5
votes

I have a static site with the following file/folder structure:

  • index.html
  • /foobar/
    • index.html
    • bob.html
    • alice.html

I'd like to achieve the following:

  • remove all .html extensions. ✔ works
  • remove index.html (resp. index). ✔ works
  • I want files to end without trailing slash. ✔ works
    • if someone adds a trailing slash, redirect to URL without trailing slash. ✘ doesn't work
  • I want "folders" (actually index.html files inside a folder) to end without trailing slash. ✘ doesn't work
    • if someone adds a trailing slash, redirect to URL without trailing slash. ✘ doesn't work

So the following URLs should work:

  • example.com/ (actually: /index.html)
  • example.com/foobar (actually: /foobar/index.html)
  • example.com/foobar/bob (actually: /foobar/bob.html)
  • example.com/foobar/alice (actually: /foobar/alice.html)

The following requests should redirect (301):

  • example.com/foobar/ redirects to: example.com/foobar)
  • example.com/foobar/bob/ redirects to: example.com/foobar/bob)
  • example.com/foobar/alice/ redirects to: example.com/foobar/alice)

I see that this would create a problem when a file /foobar.html exists: when someone visits /foobar, it is not clear whether the directory or the file is requested. However, I will make sure that this never happens.


At the moment, I have this .htaccess:

# Turn MultiViews off. (MultiViews on causes /abc to go to /abc.ext.) 
Options +FollowSymLinks -MultiViews

# It stops DirectorySlash from being processed if mod_rewrite isn't. 
<IfModule mod_rewrite.c>

    # Disable mod_dir adding missing trailing slashes to directory requests.
    DirectorySlash Off

    RewriteEngine On

    # If it's a request to index(.html) 
    RewriteCond %{THE_REQUEST} \ /(.+/)?index(\.html)?(\?.*)?\  [NC]
    # Remove it. 
    RewriteRule ^(.+/)?index(\.html)?$ /%1 [R=301,L]

    # Add missing trailing slashes to directories if a matching .html does not exist. 
    # If it's a request to a directory. 
    RewriteCond %{SCRIPT_FILENAME}/ -d
    # And a HTML file does not (!) exist.
    RewriteCond %{SCRIPT_FILENAME}.html !-f
    # And there is not trailing slash redirect to add it. 
    RewriteRule [^/]$ %{REQUEST_URI}/ [R=301,L]

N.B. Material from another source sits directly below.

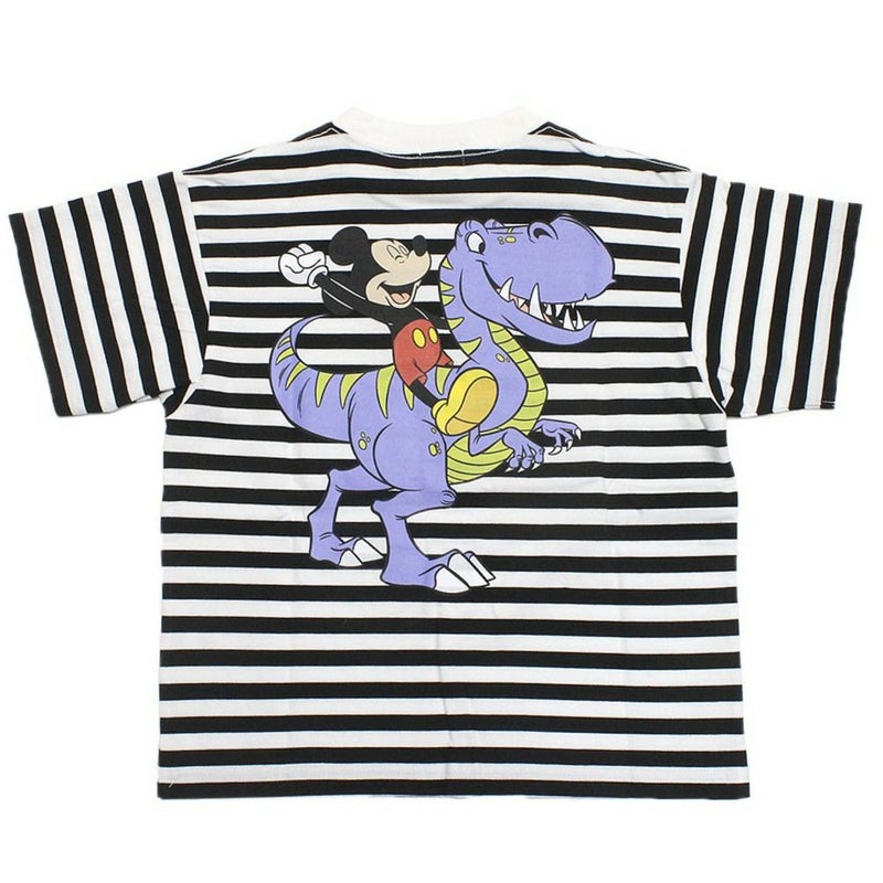 ミッキーと恐竜の楽しそうな組み合わせをバックにプリントしてインパクトのある1枚。
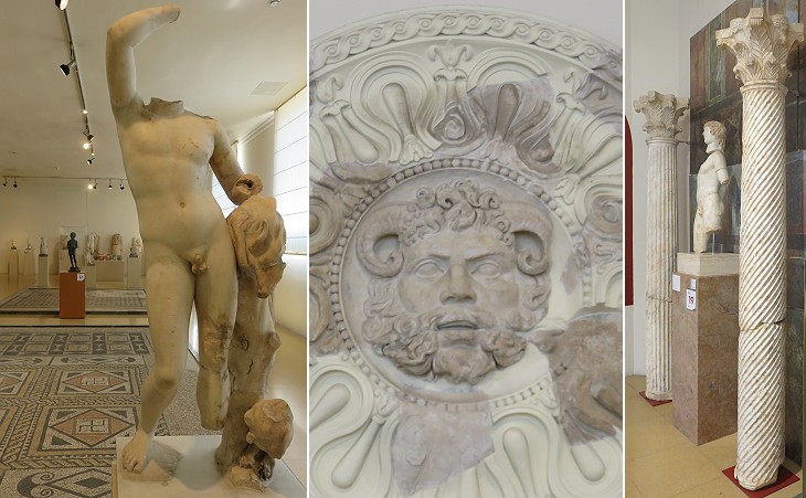 National Archaeological Museum of Tarragona: (left) Dionysus/Bacchus (IInd century AD) ; (centre) relief portraying Jupiter Ammon similar to those at Foro di Traiano and Merida; (right) marble columns and a statue from Villa dels Munts; see other statues which were found in the theatre

    # Remove HTML extensions. 
    # If it's a request from a browser, not an internal request by Apache/mod_rewrite. 
    RewriteCond %{ENV:REDIRECT_STATUS} ^$
    # And the request has a HTML extension. Redirect to remove it. 
    RewriteRule ^(.+)\.html$ /$1 [R=301,L]

    # If the request exists with a .html extension. 
    RewriteCond %{SCRIPT_FILENAME}.html -f
    # And there is no trailing slash, rewrite to add the .html extension. 
    RewriteRule [^/]$ %{REQUEST_URI}.html [QSA,L]

</IfModule>

What would I have to change/remove/add in my .htaccess? I don't understand much of it. I tried to remove the block commented "Add missing trailing slashes to directories if a matching .html does not exist", but this didn't help.

1
FWIW, I asked over at Code Review for possible improvements: codereview.stackexchange.com/q/18440/16414unor

1 Answers

4
votes

Right above your # Add missing trailing slashes to directories if a matching .html does not exist. rule, try adding this rule that redirects when there is an html file and the request is NOT a directory AND there's a trailing slash:

# if request has a trailing slash
RewriteCond %{REQUEST_URI} ^/(.*)/$
# but it isn't a directory
RewriteCond %{DOCUMENT_ROOT}/%1 !-d
# and if the trailing slash is removed and a .html appended to the end, it IS a file
RewriteCond %{DOCUMENT_ROOT}/%1.html -f
# redirect without trailing slash
RewriteRule ^ /%1 [L,R=301]

This shouldn't conflict with the redirect rule following it because its conditions check for the exact opposite.


EDIT:

To handle the index.html thing, you need to change this rule that you have, which is appending the trailing slashes:

# Add missing trailing slashes to directories if a matching .html does not exist. 
# If it's a request to a directory. 
RewriteCond %{SCRIPT_FILENAME}/ -d
# And a HTML file does not (!) exist.
RewriteCond %{SCRIPT_FILENAME}.html !-f
# And there is not trailing slash redirect to add it. 
RewriteRule [^/]$ %{REQUEST_URI}/ [R=301,L]

To:

# Add missing trailing slashes to directories if a matching .html does not exist. 
# If it's a request to a directory. 
RewriteCond %{REQUEST_FILENAME}/ -d
# And a HTML file does not (!) exist.
RewriteCond %{REQUEST_FILENAME}/index.html !-f
# And there is not trailing slash redirect to add it. 
RewriteRule [^/]$ %{REQUEST_URI}/ [R=301,L]    

This checks that the index.html file is missing from the directory before adding the trailing slash. The reason you must have this is because of the information disclosure security issue when missing the trailing slash will actually expose all of your directory contents if you don't have the trailing slash. Now, add these rules to remove the trailing slash when there's an index.html:

RewriteCond %{REQUEST_FILENAME} -d
# And a HTML file exists.
RewriteCond %{REQUEST_FILENAME}/index.html -f
# And there is a trailing slash redirect to remove it. 
RewriteRule ^(.*?)/$ /$1 [R=301,L]    

Now add these rules right after to explicitly display the index.html when there is no trailing slash (note no R=301 in the rule's flags):

RewriteCond %{REQUEST_FILENAME} -d
# And a HTML file exists.
RewriteCond %{REQUEST_FILENAME}/index.html -f
# And there is no trailing slash show the index.html. 
RewriteRule [^/]$ %{REQUEST_URI}/index.html [L]